FIRST: I’m an opponent of alimony grants in no-fault divorces initiated by the non-breadwinning spouse.

No fault, meaning one spouse just “got tired” of the other. He chewed too loudly. Left the toilet seat up.

And now, this chicken hoe can just hang out while her ex-husband busts his ass supporting her in the style to which her chicken hoe ass got accustomed.

 

I have a friend. Let’s call her Jennifer. Because that’s her name.

She decided she was more attracted to the 27-year-old meathead trainer at the gym than to her 40-year-old husband (duh!)  And divorced him, after 9 years of marriage.

But she gets to ride that gravy train forevah.

Her ex has to keep her in her house, and her Jaguar. She complains when there isn’t enough money for her Botox.

I’m tempted to cut open a rusty can and inject her face with the botulism to shut her up.

 

A lot of women around here choose to stay home with the kids – just because of that pot of alimony at the end of the rainbow.

Trust me, they have motherly instincts like Medea.  There’s an especially nauseating subdivision of parasite who stays at home with the dog even after their kids go off to college.

Often, it’s against the wishes of their spouse, and it’s ALWAYS so they can later collect lifetime alimony.

 

There are sometimes good reasons for a spouse to receive permanent alimony, such as having a disability.

I’ve personally never witnessed this – unless being a complete selfish bitch is considered a disability.

They set up a life-long imbalance with profound adverse effects on the others affected by the “agreement”: their children, their ex, and any new family he should have.

This continues until the demise of either party or the remarriage of the recipient.

The payor dies by working TO DEATH because his wife will NEVER remarry her live-in boyfriend.

Several states have passed laws that allow for the modification or termination of alimony if the recipient is living with another person.

Here in New Jersey, my friend gets to travel to the Caribbean with her muscle-bound live-in boy-toy on her ex-husband’s dime.

I’m in favor of Rehabilitative Support/alimony.

This is awarded for a short period and is meant to help a spouse “rehabilitate” himself/herself.

YES. This is what I’m talking about. Cap this shit off after a few years, and we’re good.

The courts really need to evaluate all of these divorces carefully on a case by case basis. But they don’t.

In New Jersey, vague alimony guidelines and interpretations only promote lucrative litigation to the multibillion dollar divorce industry and use court resources that are paid for by taxpayers.

There are other states which still grant spouses lifetime alimony.

 

I’m primarily concerned with my home state, where these Draconian laws are the legal equivalent of a sociopathic serial killer.

They’re killing people who are married to heartless opportunists.

They’re killing people who are forced to remain in loveless marriages.

They’re killing the concept of marriage altogether – and helping far too many young men swallow the red pill of the manosphere, and reject the idea of marriage altogether.

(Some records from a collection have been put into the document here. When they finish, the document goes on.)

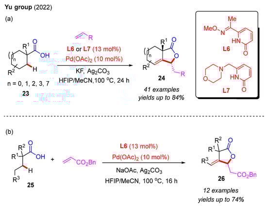 In 2022, the Yu group used 2-pyridone ligands to prepare γ-lactone derivatives through a Pd(II)-catalyzed cascade dehydrogenation–olefination–lactonization reaction. By using novel bidentate oxime ether-2-pyridone L6 or morpholine-2-pyridone L7, different kinds of β-alkylidene-γ-lactones were obtained through the β,γ-dehydrogenation of cyclic carboxylic acids and cascade C(sp2)−H alkenylation with alkenes (Scheme 8a). They found only electron-deficient alkenes to be suitable for the process. Furthermore, acyclic carboxylic acids bearing methylene C(sp3)−H bonds reacted with benzyl acrylate to produce the corresponding γ-lactones in moderate to good yields in the presence of oxime ether-2-pyridone L6 (Scheme 8b) [28].
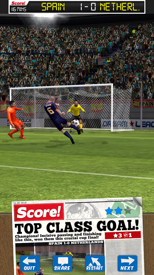 Score! World Goals - футбольный симулятор, который позволит Вам еще раз забить самые легендарные голы из известных матчей. Окунитесь в историю футбола, еще раз пересмотрите самые значимые футбольные поединки. В игре реализована качественная реалистичная физика и приятная графика.
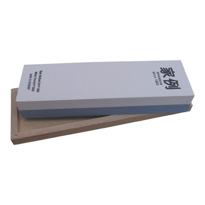Stile giapponese - ampia superficie di affilatura - adatta a utensili e coltelli di grandi dimensioni - uso a umido - in valigetta di legno lucidata
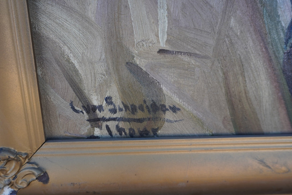 The composition balances realism with a painterly looseness characteristic of mid-20th-century studio portraiture. Schneider’s signature appears at the lower left, adding to the work’s authenticity. Housed in a vintage gilt frame with decorative corner elements and light wear consistent with age, the piece retains a classic and elegant presentation.
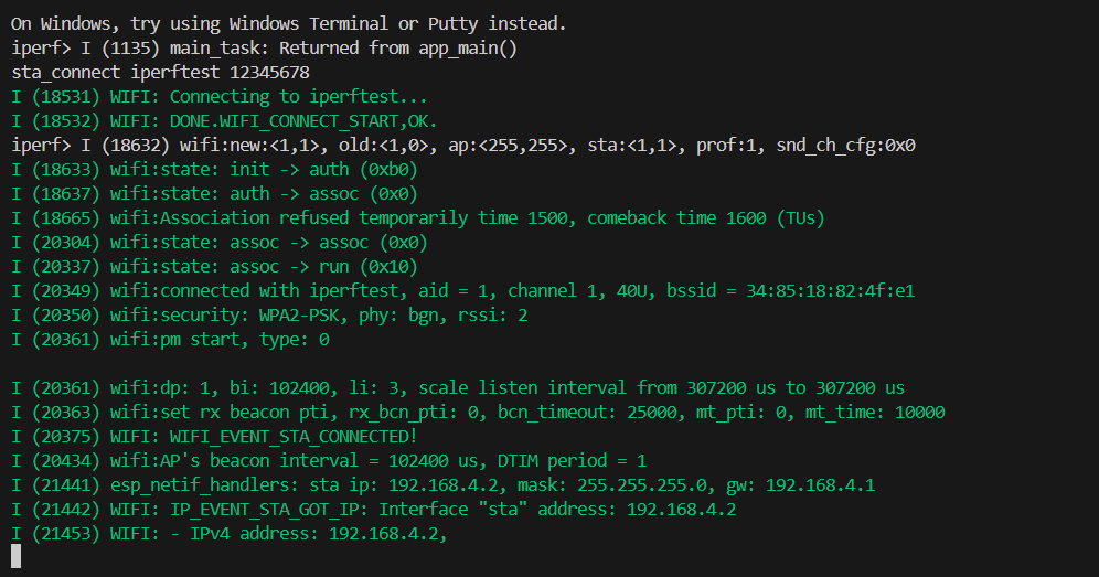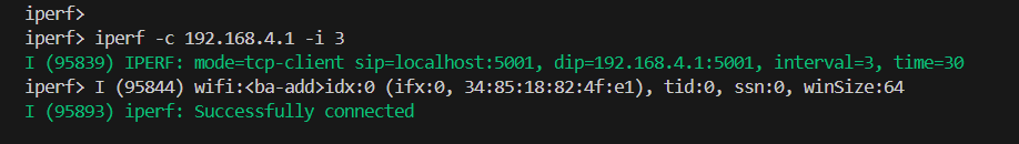 在 ESP32 设备端运行 iPerf,作为 客户端 使用:
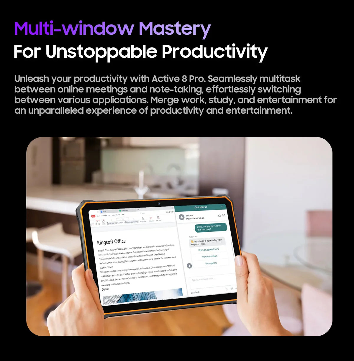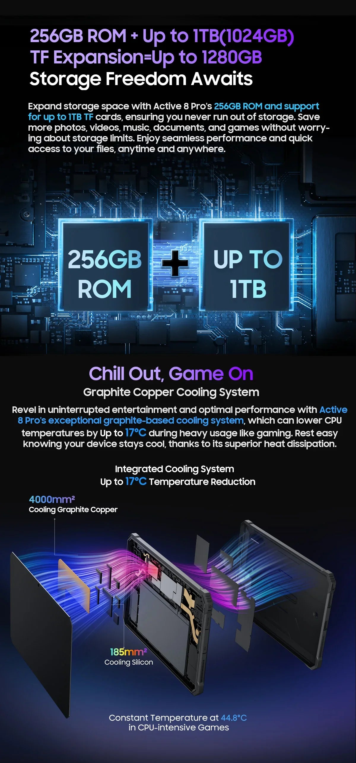 Active 8 Pro is equipped with a dual-SIM slot that allows you to stay connected with your loved ones at all times. You can insert two 4G SIM cards or a TF card of up to 1TB, which enables you to access the Internet even in areas without WiFi.
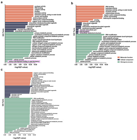 We further conducted Gene Ontology (GO) enrichment analysis of PPR genes uniquely identified in O. sativa and O. rufipogon (Figure 5). Interestingly, PPR genes in O. sativa exhibited an enrichment of a unique biological process related to the termination of embryo development and seed dormancy, indicating that the presence of specific PPR genes may be functionally related to embryo development and reduced seed dormancy during the domestication from wild rice to cultivated rice. The genes involved in this process included LOC_Os11g03850, LOC_Os12g42120, LOC_Os03g19650, LOC_Os11g43800, LOC_Os06g09880, LOC_Os02g43080, and LOC_Os05g30240 (Figure 5a). It is worth noting that PPR genes in O. rufipogon displayed enrichment of the mitochondria, as a cellular component. These genes contained RUF036508, RUF037041, RUF037004, RUF006046, RUF002492, RUF004777, and RUF030818 (Figure 5b). GO enrichment analysis of a total of 390 shared PPR genes (Figure 5c) revealed that, compared to unique PPR genes, there were two additional components in the cellular component category (intracellular anatomical structure and obsolete cell).
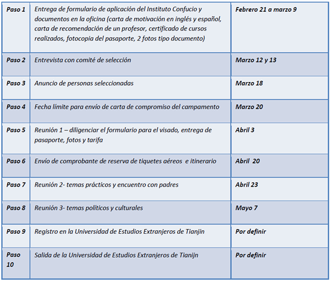 Para la inscripción, el aspirante debe radicar los siguientes documentos completos en las instalaciones del Instituto Confucio antes del 13 de marzo:
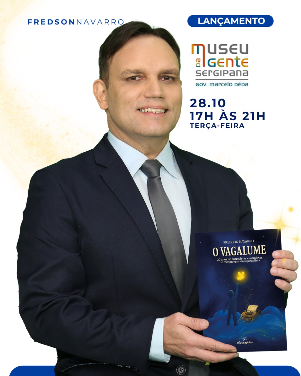 O jornalista Fredson Navarro vai fazer o lançamento oficial do livro ‘O Vagalume – 20 anos de entrevistas e memórias do menino que virou jornalista’ na terça-feira, 28 de outubro, no Museu da Gente Sergipana, em Aracaju, entre 17 e 21h. O pré-lançamento vai ocorrer na Bienal Internacional do Livro em Itabaiana, entre 10 e 22h no Shopping Peixoto. A obra é da Editora Dika Publicações Exclusivas, do Grupo Infographics.
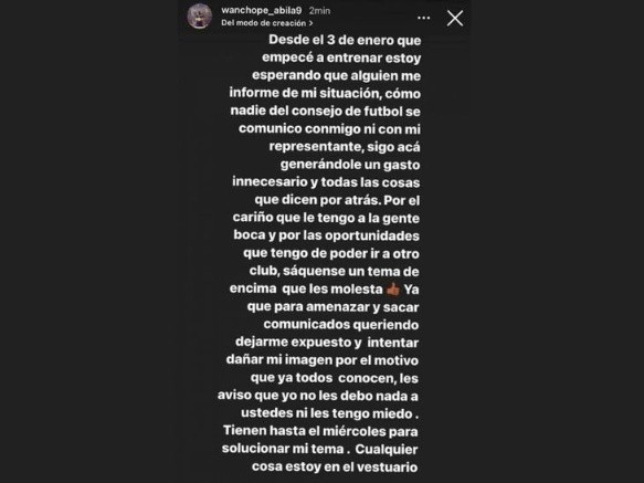 Wanchope estalló en su cuenta de Instagram donde publicó un contundente mensaje: “Desde el 3 de enero que empecé a entrenar estoy esperando que alguien me informe de mi situación. Como nadie del Consejo de Fútbol se comunicó conmigo ni con mi representante, sigo acá generándole un gasto innecesario y todas las cosas que dicen por atrás”, lanzó en sus historias.
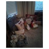 What a great time of year for this sale! We have many beautiful items for fall, Thanksgiving and Christmas. With this sale you can stock up on your serving pieces for your holiday dinners. Kitchen: We are selling Thanksgiving platters, cut glass serving pieces and many sizes and sizes of divided dishes and platters for your holiday table. There are several sets of dishes with platters and vegetable bowls of all sizes. We have a selection of the Tobasco crab dishes, some western themed dishes and platters with barbed wire design, loads of baking pans and different shaped muffin pans, pretty cake plates and stands. The pantry is full of small appliances and Tupperware, an air fryer, electric can opener, an electric griddle and more. There is a large selection of kitchen gadgets and utensils, all size knives and silverware. There’s corning ware, more cut glass items, glasses and more…, very nice lg frig. Living room: The tables are full of silveplate, (sorry didn’t get to polish before the sale), cut glass, unusual white dishes with fancy gold rims, pretty cups and saucers for your daughters afternoon tea party, 2 sets of china, set of 12 Shannon wine glasses, and more serving dishes. As you walk in you are greeted by santa checking his list and a decorated Christmas tree on wheels, a comfy chair and ottoman, and a large bookcase filled with books. There is also a trumpet and a Solid silver Yamaha 355 Flute and piano music. There are lamps of all sizes throughout the house and many great pictures. there are a couple of tv's. Den: is loaded with decorative items, some very nice accent chairs, all sizes of candle stands, crosses, furniture, pictures, florals, ranch items and décor, antiques, small tables, leather coffee table/foot stool, tons of décor of all kinds, unique collectibles, small wooden pieces, sofa and much more. There is a table of electronics and CD's, DVD’s, albums and Blue Rays, many of them Christian themed. Jewelry: Tons of jewelry, many sterling silver pieces, some Brighton and James Avery, some American Indian designed items,rings, bracelets, earrings, necklaces, and great sale items. If you not able to come to our last sale in Highland Village, be brought the remaining Fitz and Floyd, Mark Roberts, Radko and Alder Christmas items to this sale. One of our rooms is our "Christmas Wonderland" room. Lots of Christmas ornaments, beautiful stuffed animals of all sizes, toys, A huge Christmas tree on wheels, radko, mark Roberts, fitz and Floyd, Alder, and holiday décor of all kinds. There’s a table full of toys, games and puzzles. Office: offers lots of Ranch décor, a desk, office chair, wooden file cabinet, desk lamps, printer, table lamps, office supplies, great pictures and artwork, desk items, cowboy bust, bull horns, storage items, and more, tons of religious books and CD's. In the closet are beautiful table linens, cloth napkins, kitchen towels, dining room linens, napkin rings and great items to set a beautiful holiday table for your guests. Master Bedroomand bath:This room offers a beautiful hand carved King size western bed, wood and metal queen headboard and footboard, large TV, metal and wood decorative stand, 3 sided fold mirror, side table, lamps, tons of linens such as comforter sets with matching bedding and pillows and pillow and pillows, ranch décor, chest of drawers, great metal artwork, and furniture. There is a selection of towels, hair dryers, curling irons and bathroom accessories, handbags and leather belts Closet: One side is full of Great ladies clothing, many ST John items, jackets and skirts, shoes, scarves and handbags. The other side is all men’s clothing, nice western boots and hats. Laundry room: washer, dryer, sewing and floral supplies, vases, candles and some christmas. Double garage: is full of overflow – tables of décor and crosses, cut glass, picture frames, bar stools, single bed and chest of drawers, antique pump organ, wrapping station, chairs, décor, ladies golf clubs and tools. There is a tent that attaches to back of auto, and lots of surprises. Outside: under cover- mower, wheel barrel, edger, metal décor, chimenea, selection of garland and lights, small tables, pots and tall metal Christmas tree and more. |

They’re killing the spirits of the children who get to bounce between savagely hostile parents embroiled in their own materially-driven War of the Roses.

The worst crime?

Girl, where’s your pride? We fought hard to be considered equal to men. Where’s your self respect? What kind of example are you setting for your children?

You’re killing the entire feminist ideal of the empowered woman who can take care of herself on her own.

YES. SHE CAN.

 

I know many women sacrificed their education and careers to raise families.

I know that women feel they can’t just transition to the workforce after being out of it for so many years.

Here’s the thing.

YES, YOU CAN.

1. Go back to school. Vocational, preferably, since a college degree is the equivalent to a big honking nothing these days.

2. Start the transition before you get the divorce. Even if you’re happily married, once your kids are a little older, and in school all day – don’t you WANT to work part-time? Or take some classes?

The SAHM where I live play tennis and shop an awful lot. They could work a college class or two in between lip injections and hair extensions.

3. Do anything. I don’t mean, go on the stroll. But the women who clean houses drive cars nicer than mine. Are you above home health care, house cleaning, babysitting? Be resourceful.

The woman who watched my son when I went back to work never went past high school. She watched 4 kids in her home, and made bank.

Some people are just “above” jobs like housecleaning. I went to a prestigious college, and I would work at Mickey D’s to put food on the table if I had to.

Money is money. It’s called a work ethic, women.

I’m not suggesting that a minimum wage job will pay all your bills. But it’s something. Stop acting like you’re incapable of work just because you think you’re all that and a bag of Skittles.

 

Recently, my friend argued a real-life example with me, against alimony reform.

Her friend was married for 25 years and was 55 years old when her spouse filed for divorce. She had devoted the “prime” years of her life to her family.  Based on the new alimony proposal, permanent alimony could stop at a retirement age of 65 or 67.

It could mean she would only receive alimony for 10 years.  After retirement, doesn’t she have the right to maintain a certain lifestyle? What is she supposed to do?

MY answer:

First – You’re 55, not DEAD.

If you were married for 25 years – could you not have begun to re-enter the workforce at some point in your marriage?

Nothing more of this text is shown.